The communications elements may determine how useful LARUS becomes in German service. The contract includes MANET relay kits for Puma 3 AE and Puma LE, Tomahawk Kinesis-enabled ground control stations, ultralight and tactical controller configurations, and autonomy retrofit kits. MANET relay equipment can allow a Puma aircraft to extend communications between separated units, vehicles, maritime teams, or command posts, especially where terrain, urban structures, or distance degrade direct radio contact. The autonomy retrofit kits and visual navigation options also address a known battlefield problem: satellite navigation may be jammed, spoofed, or temporarily unavailable. These additions do not make the aircraft immune to electronic warfare, but they give operators more options when communications and navigation are contested.

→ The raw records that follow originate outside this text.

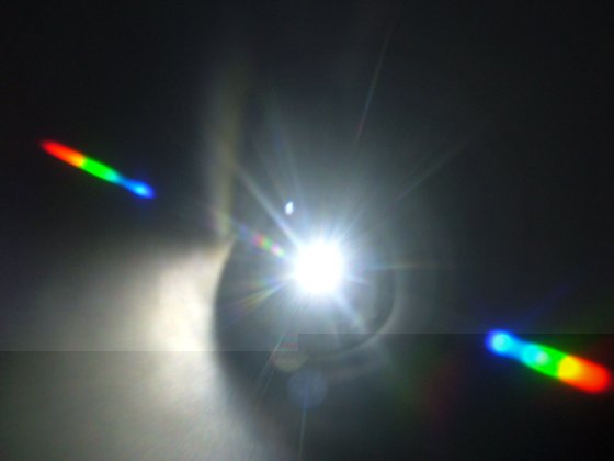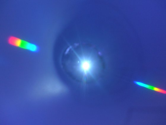 ihr könnt die lichtbrechung auch mit einer CD erreichen. Nehmt einfach eine CD und bestrahlt sie mit der LED. Haltet ihr die CD richtig (ein bisschen schief) dann müsstet ihr an der wand das spektrm sehen. Bei mir hats auf jedenfall funktioniert!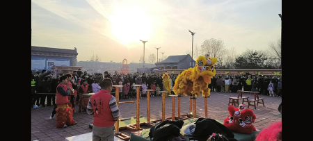 春節(jié)期間,永濟(jì)市虞鄉(xiāng)鎮(zhèn)土樂村村民自發(fā)組織的民間藝術(shù)團(tuán),向省內(nèi)外游客表演省級非遺項(xiàng)目——永濟(jì)空中飛獅。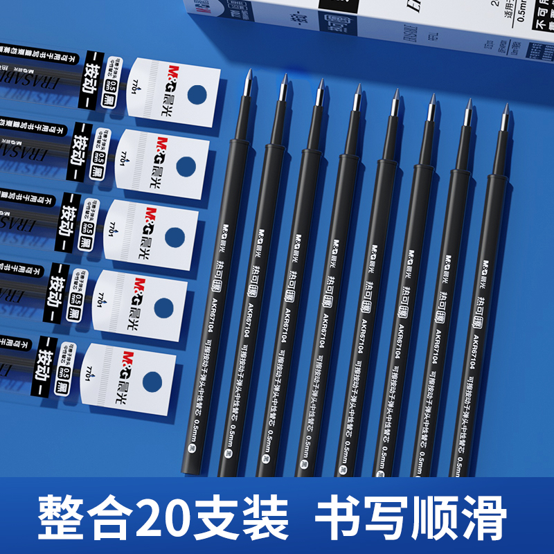 晨光文具 热可擦笔芯 可擦笔小学生专用三年级热可擦中性笔替芯0.5黑色晶蓝色替芯学生专用墨蓝办公走珠笔芯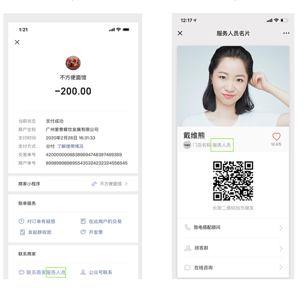 客户微信支付付完款后,会在客户的微信,微信支付页面,有一笔消费通知,消费通知下有个联系商家售后顾问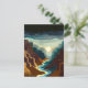 Uma bela paisagem de um canyon com um rio em tons negros de marrom, bronzeado, azul, ciano, ouro e bege.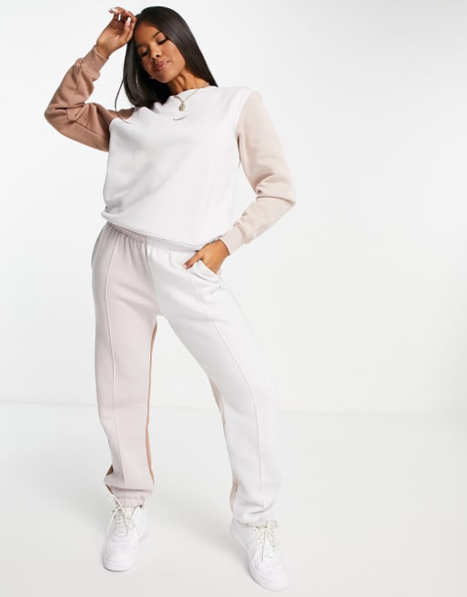 Nike - Træningssæt med metallisk swoosh-logo og neutralt farveblok-design
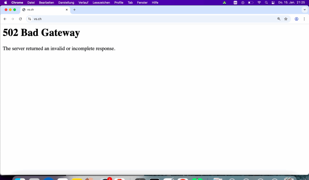 Teilweise kommt auch die Fehlermeldung „Bad Gateway“. Oder die Seite VS.ch lädt nur teilweise. Es scheint chaotisch zu sein.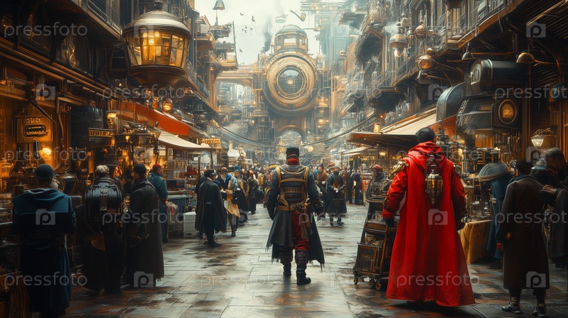 Живая стемпанк-маркетная улица с сложными дизайнами и толпой

The vertical take-off and landing kits add a separate layer of tactical utility. Fixed-wing flight remains preferable for endurance and efficient coverage, but vertical launch and recovery allow the aircraft to operate from confined terrain, including a ship deck, quay, forest clearing, rooftop, or narrow coastal position. For maritime special forces, this is not a convenience feature; it changes where the aircraft can be used. A team that cannot expose itself in an open field for launch and recovery can still place a sensor overhead, then recover it without a long landing path. This is particularly relevant for the Baltic and North Sea operating environment, where islands, ports, coastal infrastructure, and weather can restrict conventional small-drone handling.

Germany’s LARUS purchase fits a broader European pattern: small unmanned aircraft systems are being upgraded from disposable observation tools into networked reconnaissance and targeting assets. The contract does not give the Bundeswehr a deep-strike capability, and the published range figures remain tied to antenna configuration and line-of-sight conditions. Its value is more specific and arguably more useful at the tactical level: persistent local surveillance, target confirmation, laser designation for other weapons, radio-frequency sensing, communications relay, and operation from restricted terrain. For NATO, that combination supports dispersed forces that must observe first, transmit reliably, and call for precision effects without concentrating personnel or vehicles.